Ellen von Unwerth and Melvin Sokolsky, two of fashion photography’s most surreal figures, create intense and emotional images that challenge the way we think about beauty and femininity. This weekend, Los Angeles gallery Fahey/Klein opened a dual exhibit presenting photographs from seminal moments in Von Unwerth’s and Sokolsky’s careers.
Her work with the circus and as a model inspired von Unwerth to step behind the camera and translate her experiences into erotically charged, theatrical photographs. “Ellen’s idea of women both embracing their sexuality and their feminine beauty has become her signature style,” says gallery owner David Fahey. “Ellen understands that by simply being a female photographer, she can extract a different kind of erotically charged image.”
Sokolsky first encountered fashion photography as a teenager on the streets of New York, where he’d wander from the Lower East Side to midtown capturing images of high-society women. “I found myself attracted to beautiful upper-class women whose body language and clothes were foreign to me,” Sokolsky explained. Sokolsky’s images weave memorable stories to which scores of photographers have paid homage, most notably the artist’s “Fly” and “Bubble” series for Harper’s Bazaar in the early 1960s. Sokolsky’s whimsical fantasy amounted to models suspended above the River Seine in giant translucent orbs. “Melvin has told us about his encounters with the French police while making these photographs,” Fahey said. Sokolsy’s nonconformity even delighted Diana Vreeland in 1960, who found the artist’s location choice of a ruined tenement provocative and convinced Harper’s Bazaar to publish the photographs, despite an editor’s remark that the average reader would not identify with “a hovel.”For both artists, the distinctions between fashion photography for editorial, commercial, and artistic ends are largely insignificant. “When you have all the freedom to show what you want, it is art,” von Unwerth says. “For advertising, you have to find the balance between your style and the product. That’s also art in a way, no?”
Sokolsky’s perspective on what constitutes art within fashion photography is even more democratic. “All images are fashion. Even nudes are about fashion,” he said. “I had a student who was looking at a nude I shot and said ‘That’s a ’90s picture.’ I asked how she knew. ‘The way her pubes are trimmed.'” Their inclusive views of the art form, paired with their unflinchingly bold creative decisions, have landed von Unwerth and Sokolsky in the realm of photographic royalty.

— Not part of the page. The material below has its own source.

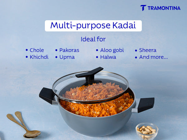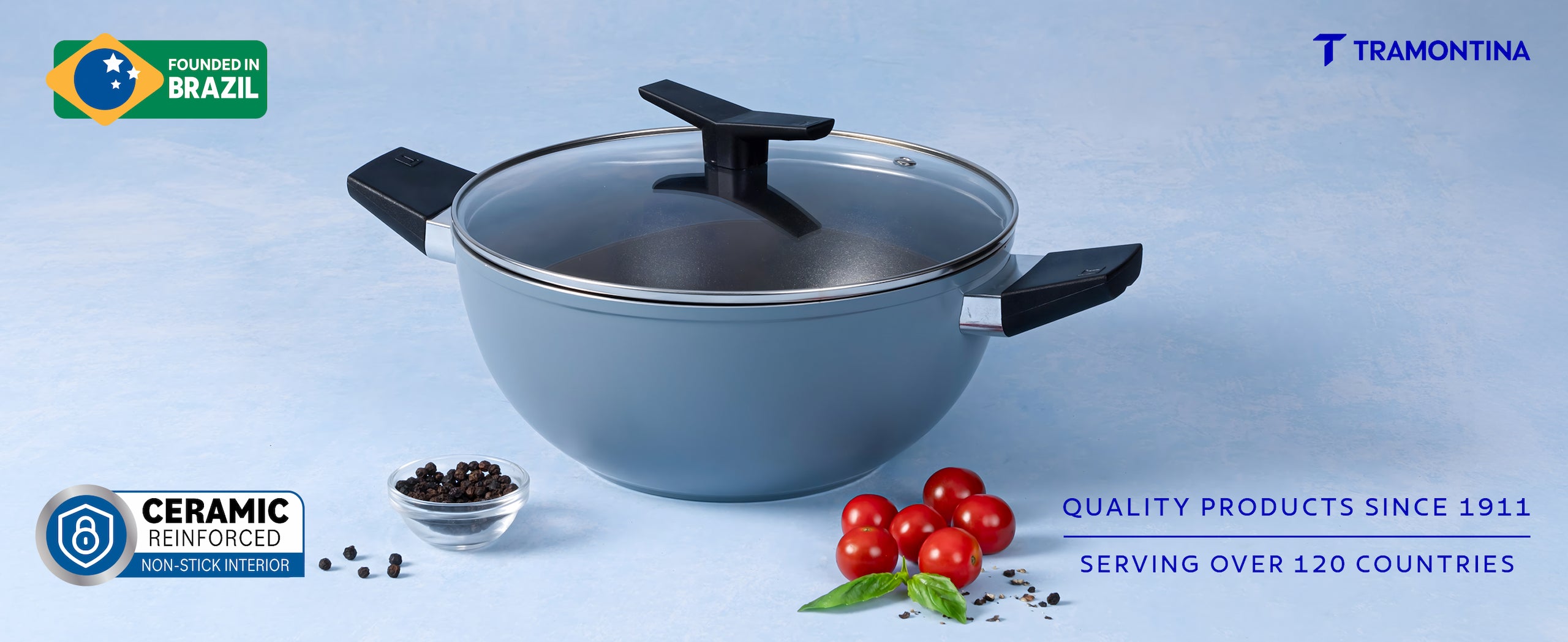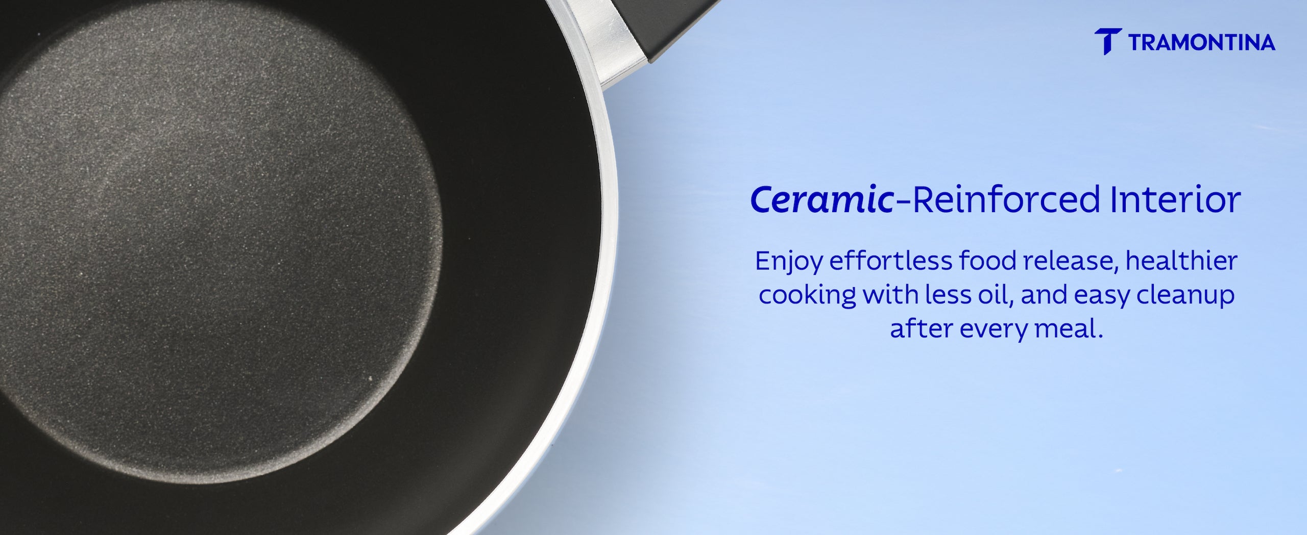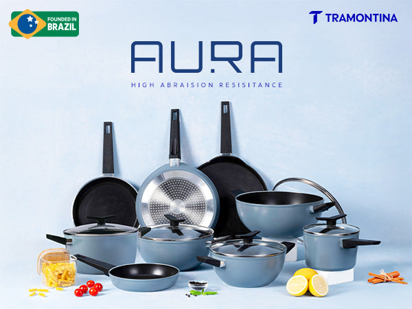 Tramontina Aura is a premium ceramic reinforced cookware range engineered for healthier, low-oil cooking. Built with cold-forged aluminium, the range delivers quick and even heat distribution for consistent results. The ceramic non-stick surface ensures smooth food release and easy cleaning, making it perfect for everyday Indian cooking styles like frying, sautéing, simmering, tadka and dosa preparation.

The tandem at Fahey/Klein coincides with recent book releases from each. Sokolsky’s Paris 1963/Paris 1965 is an overview of the artist’s most iconic work; the trade edition from Taschen of von Unwerth’s Fraulein (Taschen), a collection of images of the modern era’s sexiest female icons, is also now available.
ELLEN VON UNWERTH’S AND MELVIN SOKOLSKY’S WORK IS AT FAHEY/KLEIN THROUGH NOV. 26.